TASK TO CARRY OUT: Given these entries, repeat exactly the lines starting with the one that has "19cm Mouth Blown" and going on through the one that has "- Elevated &", both included, but none of the pictures.

RECORDS FOR THE EXERCISE:
☆ ☆ ☆
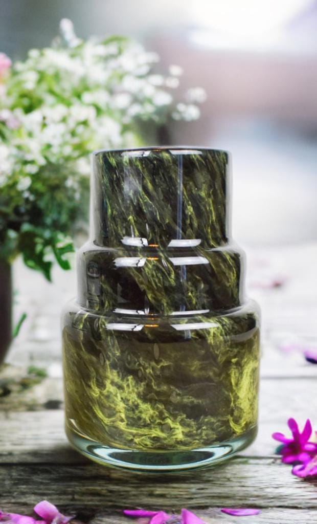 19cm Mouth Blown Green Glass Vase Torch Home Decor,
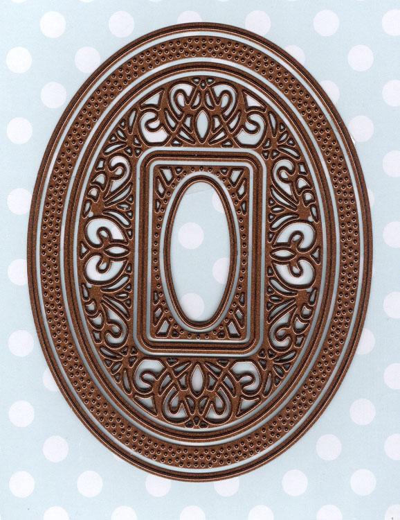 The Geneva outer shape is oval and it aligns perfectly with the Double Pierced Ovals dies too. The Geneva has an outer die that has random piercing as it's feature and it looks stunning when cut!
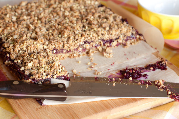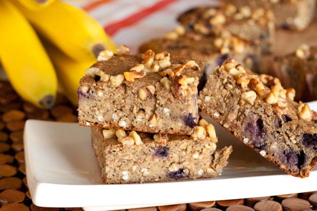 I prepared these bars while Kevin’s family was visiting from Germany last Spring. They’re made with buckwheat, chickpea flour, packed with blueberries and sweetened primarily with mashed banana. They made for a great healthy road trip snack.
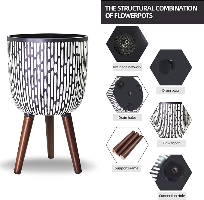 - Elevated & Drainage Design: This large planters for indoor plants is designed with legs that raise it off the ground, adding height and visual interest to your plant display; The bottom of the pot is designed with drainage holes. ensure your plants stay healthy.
☆ ☆ ☆
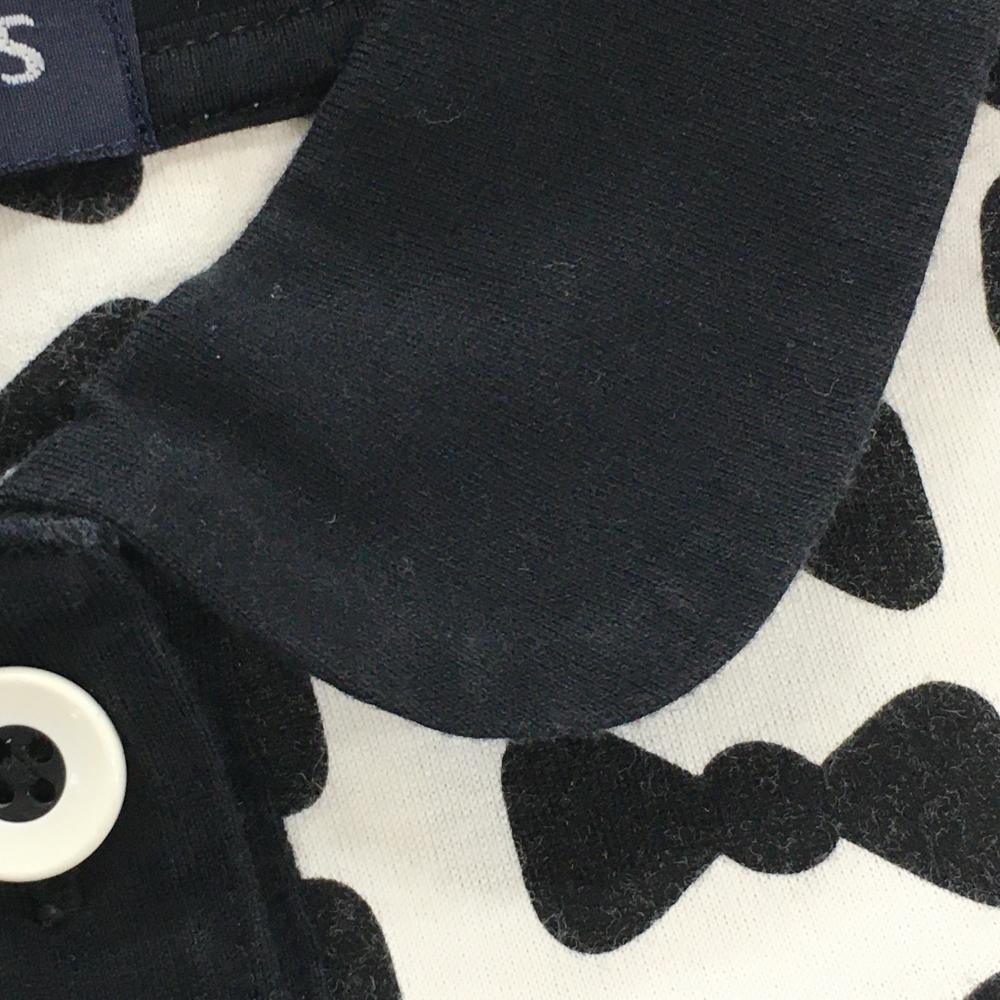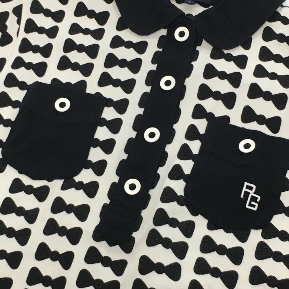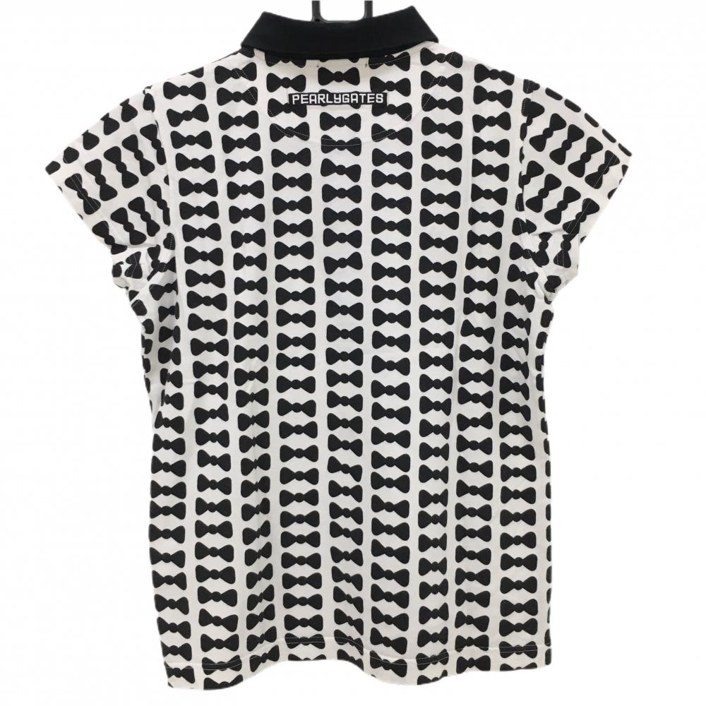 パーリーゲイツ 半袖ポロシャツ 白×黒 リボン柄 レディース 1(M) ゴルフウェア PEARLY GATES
☆ ☆ ☆
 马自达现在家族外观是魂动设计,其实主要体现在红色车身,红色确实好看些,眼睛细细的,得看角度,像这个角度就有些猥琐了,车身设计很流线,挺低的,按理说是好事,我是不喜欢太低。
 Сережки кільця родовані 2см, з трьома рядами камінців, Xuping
☆ ☆ ☆
OUTPUT FOR THIS TASK:
 19cm Mouth Blown Green Glass Vase Torch Home Decor,
 The Geneva outer shape is oval and it aligns perfectly with the Double Pierced Ovals dies too. The Geneva has an outer die that has random piercing as it's feature and it looks stunning when cut!
 I prepared these bars while Kevin’s family was visiting from Germany last Spring. They’re made with buckwheat, chickpea flour, packed with blueberries and sweetened primarily with mashed banana. They made for a great healthy road trip snack.
 - Elevated & Drainage Design: This large planters for indoor plants is designed with legs that raise it off the ground, adding height and visual interest to your plant display; The bottom of the pot is designed with drainage holes. ensure your plants stay healthy.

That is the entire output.